I am enjoying facilitating a class at our church on the Protestant Reformation. I love to read and study history; especially church history. The characters, issues, and drama make for some very interesting reading under the craft of a good historical scholar and writer. Admittedly, under a good scholar but bad writer, it can also be absolute drudgery! However, there a plenty of great historical story tellers that make history come alive to those interested.
One of the aspects of studying history that always amazes me is how much we do not learn from it. As much as I would like to believe that humankind is on an ever evolving incline of knowledge and understanding, a study of history shatters that delusion. Knowledge and technology have not made us any better. I like to repeat a quote I heard years ago which asserts that “to suggest humanity is better off because of technology is to suggest that a cannibal is better off with a knife and fork.” Instead of progressive improvement, we seem to be in a constant cycle of enlightened discovery and abject stupidity. Nevertheless, this is what makes studying human behavior and history fascinating and entertaining at the same time.
For instance, one of the abuses of the church the reformers wanted to purify from the Church was the abuse of indulgences. Some Reformers did not want to do away with the practice of indulgences all together, but just correct their abuses. Others, such a John Wycliffe and Martin Luther, could find no biblical warrant for their practice and wanted the practices of indulgences done away with completely. The reformation tradition follows Wycliffe, Luther, and others in their assertion that any church tradition and practice must be established solely upon biblical evidence. This assertion is one of the main reasons why Protestant churches emphasize Scripture – translation, study, and knowledge – above all else.
The practice of indulgences was long practiced in the Catholic Church. It is still practiced today. It is closely tied to the Catholic theology of Purgatory. This is another doctrine that Protestants and Reformers rejected because of lack of Scriptural evidence. A broad explanation of indulgences proposes that the good works of Christ and the saints have been deposited in heaven for all Christians in the treasury of merit. These merits may be applied to the sins of Christians at the approval of the pope and applied to individuals by archbishops, bishops, and priests. The application of these merits enables one to avoid paying further for their sins in purgatory. Extreme abuses preceding and following Martin Luther’s time allowed these indulgences to be bought with money. Thus, sin became a really money maker for the church.
Aside from the biblical and theological problems that indulgences and purgatory pose for biblical Christians, the Protestant Reformation recaptured the New Testament doctrine of God’s grace displayed and applied through the death and resurrection of Jesus the Messiah, God’s son.

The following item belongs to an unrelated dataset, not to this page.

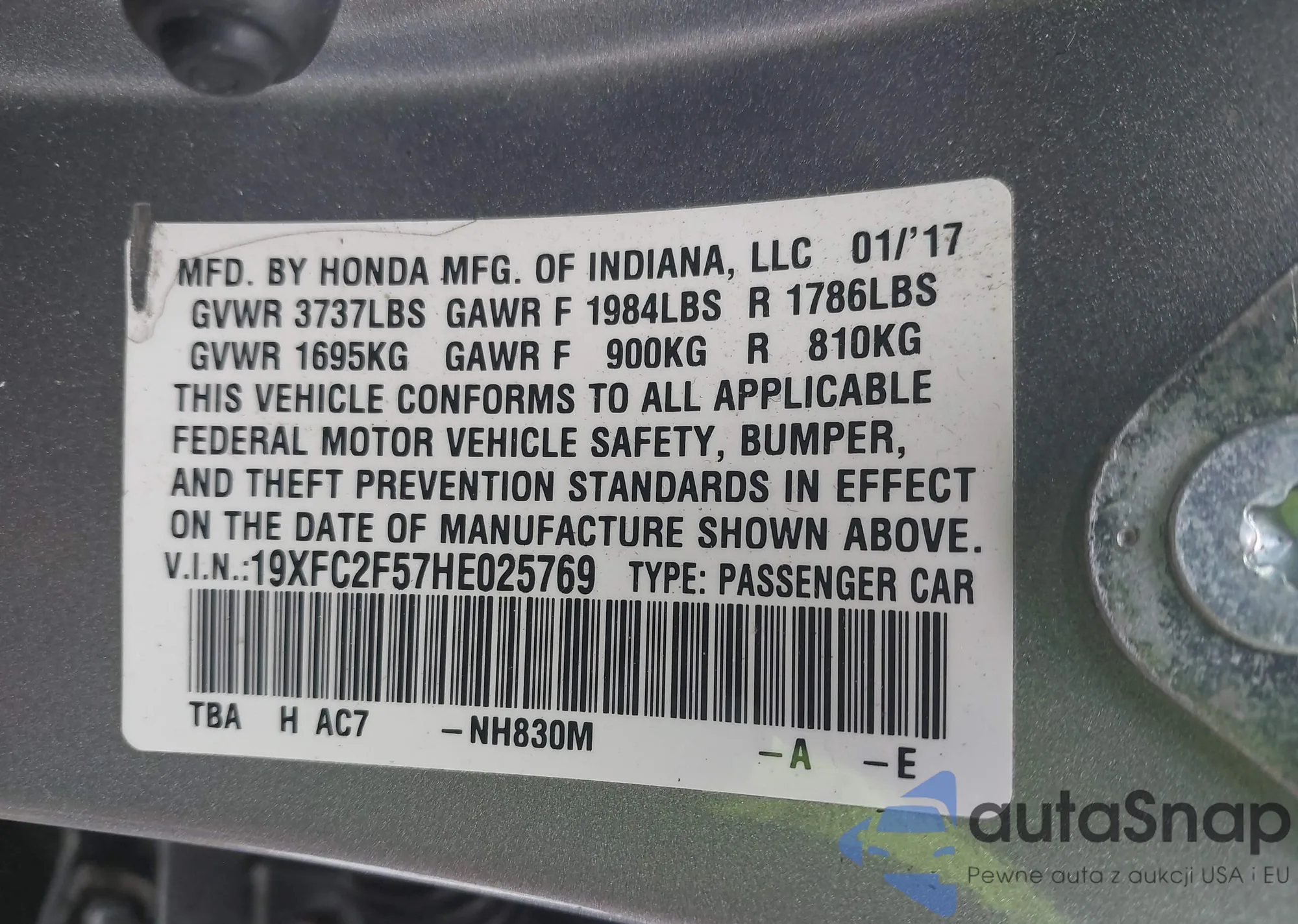 VIN: 19XFC2F57HE025769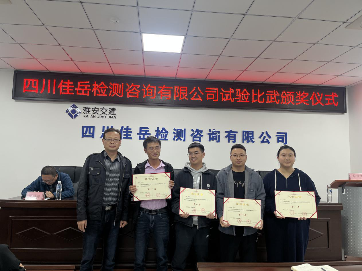 四川佳岳檢測咨詢有限公司第一屆試驗檢測技能比武大賽自10月17日開賽以來,來自四川佳岳檢測咨詢有限公司和雅安市重點工程監(jiān)理單位、工程試驗室的員工積極參加比賽,歷時21天,取得圓滿成功。本次比賽項目設(shè)個人賽7項、團體賽1項,其中團體賽和個人賽分別設(shè)第一、二、三等獎項各1名。最終,佳岳公司以過硬的技能,獲得團體賽第一名,個人賽第一名6項、第二名7項,第三名6項。

Martin Luther, studying Romans and Galatians, came to the conviction that God’s grace cannot be purchased or earned. It can only be received as a free gift. Both the temporal and eternal forgiveness and salvation human longed for and needed was only available through faith in what Jesus Christ accomplished on the cross and in the resurrection.
As much as the Protestant Church would like to think that it is free from the influence of such doctrine and practice, one needs only to watch or listen to the selling of God’s grace in today’s Christian marketplace. While salvation may not be up for sale, the grace of God to work miracles, provide, give guidance, and heal surely is in today’s popular Christianity. It can be purchased by sending in an offering or purchasing a book or other materials. At such a low, low price, God’s grace for healing and wealth will be released.
The Protestant Church has its own forms of relics too. By purchasing prayer cloths, anointing oils, Christian jewelry, and other such items, and extra measure of God’s grace will flow in blessings to the believer. All types of shamanistic items are sold to the unwary in hopes that the favor of God can be purchases instead of appropriated through simple faith. It seems, in coming so far in history, we have not gotten very far.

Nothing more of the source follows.